FLEDE : Optimal “Optimization & Performance” reporting for training bidding models

Hello,

As it was recently mentioned in another FLEDGE issue (https://github.com/WICG/turtledove/issues/93 ), DSP and advertisers need access to a reporting capability allowing them to train machine-learning models in order to optimize their campaigns. This reporting is paramount for buy-side actors to be able to learn meaningful information about the contexts driving performance, without gaining information on the browsing behavior of a given individual. As already mentioned in the reporting in SPARROW proposal, these reports should provide info on contextual and interest-based features together

“Any weakness in leveraging both signals together would undoubtedly hurt both the publisher's revenue and the user experience, exposing them to irrelevant advertisements or worse, unsafe content.”

To sum up, we think the proposal should seek to maximize the good information the buy-side actors get (i.e. what allows them to price impressions the most accurately, thus driving investment ups and maximizing overall wealth) under a given well-defined privacy constraint (for instance k-anonymity with differential checks).
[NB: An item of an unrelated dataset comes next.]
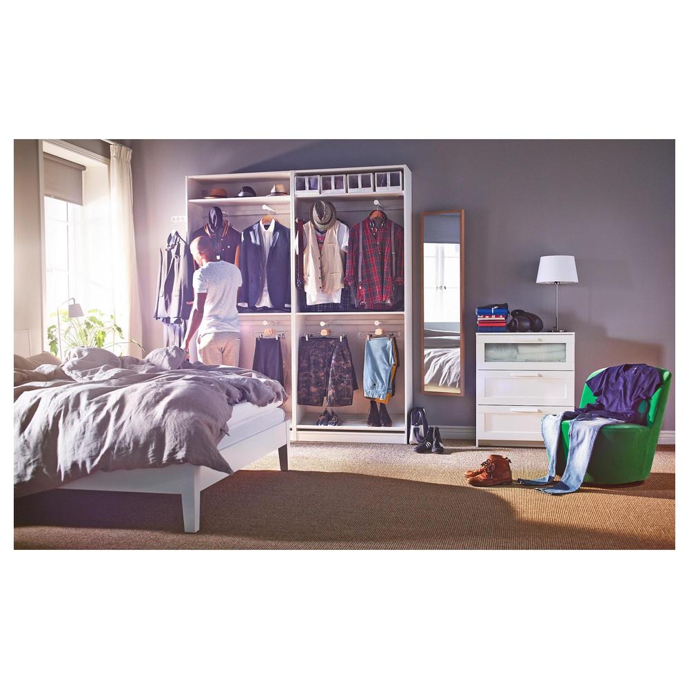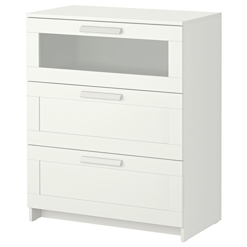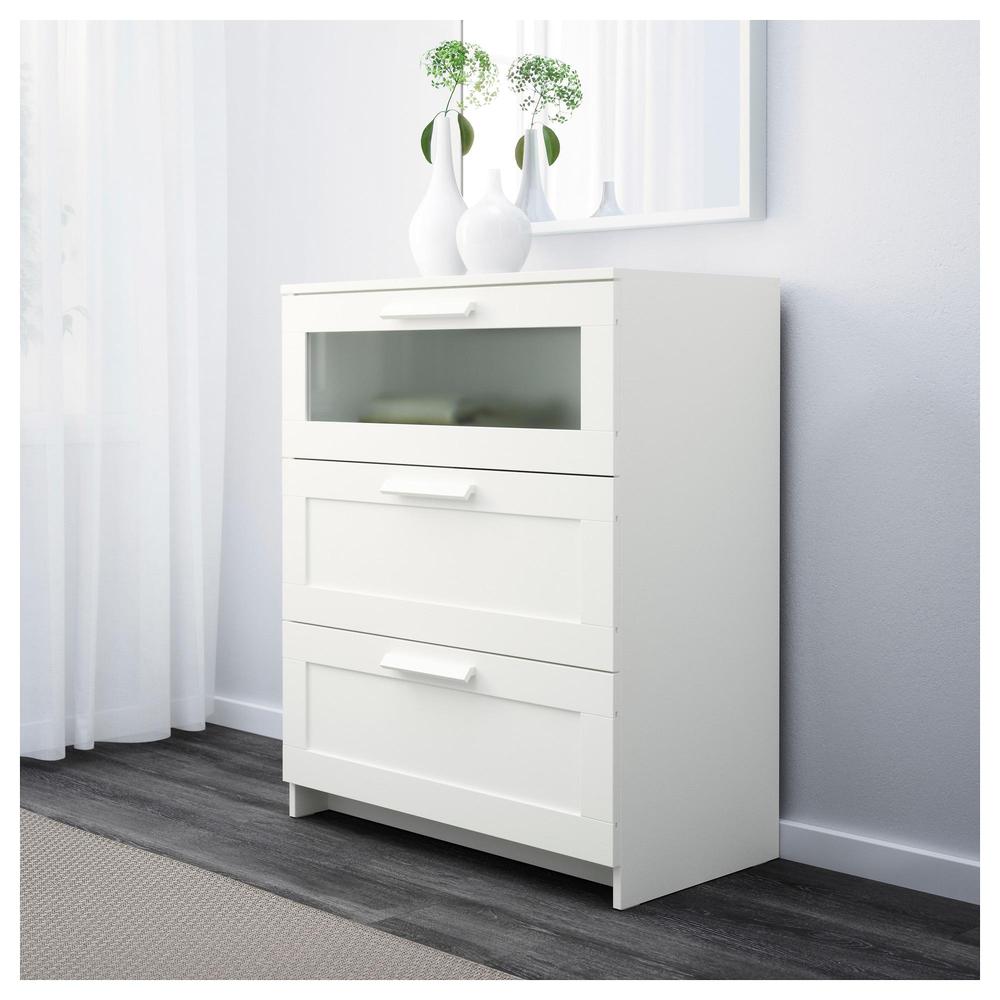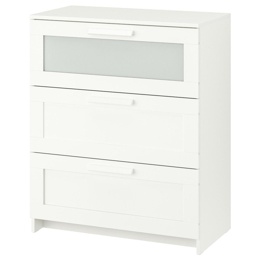 БРИМНЭС Комод с 3 ящиками - белый/матовое стекло

At Scibids, we see this accurate reporting capability as the single main variable explaining whether or not the world largest advertisers we work for will continue to get the results they expect, and thus investing, in programmatic advertising.

We have worked on the subject and will submit in the next 2 weeks a proposal of what an optimal reporting procedure should look like but would be happy to have your thoughts on the ideas belows and to see which form it could take in the FLEDGE implementation.

Why we think buy-side actors can get from no useful info to almost 100% of useful info under the same k-anonymity privacy constraint

Our main motivation to propose something new lies in how hurtful a “blunt” k-anonymity + differential check would be for machine learning practitioners. Indeed let’s consider the simplest k-anonymity procedure with differential checks:

(blunt method) When asking for a report (e.g. in all generality a click report) the DSP has to provide columns cj=1...J. Any line (c1=x1,...,cj=xj) will then be included if it only concerns more than k users, or else it will be discarded. A “remainder” line will indicate the number of clicks associated to the obfuscated lines, provided this remainder line concerns more than k different users.

With this method, DSPs would be faced with the impossible task to specify for each campaign what columns they want:

asking too many columns would mean getting no data on a large number of impressions (this will very soon be most of the impressions given the high cardinality of important fields like “domain” or “placement”)
asking too few columns means building simplistic underperforming models. Moreover a priori column selection means that these few columns won’t probably be the most discriminating for predicting click.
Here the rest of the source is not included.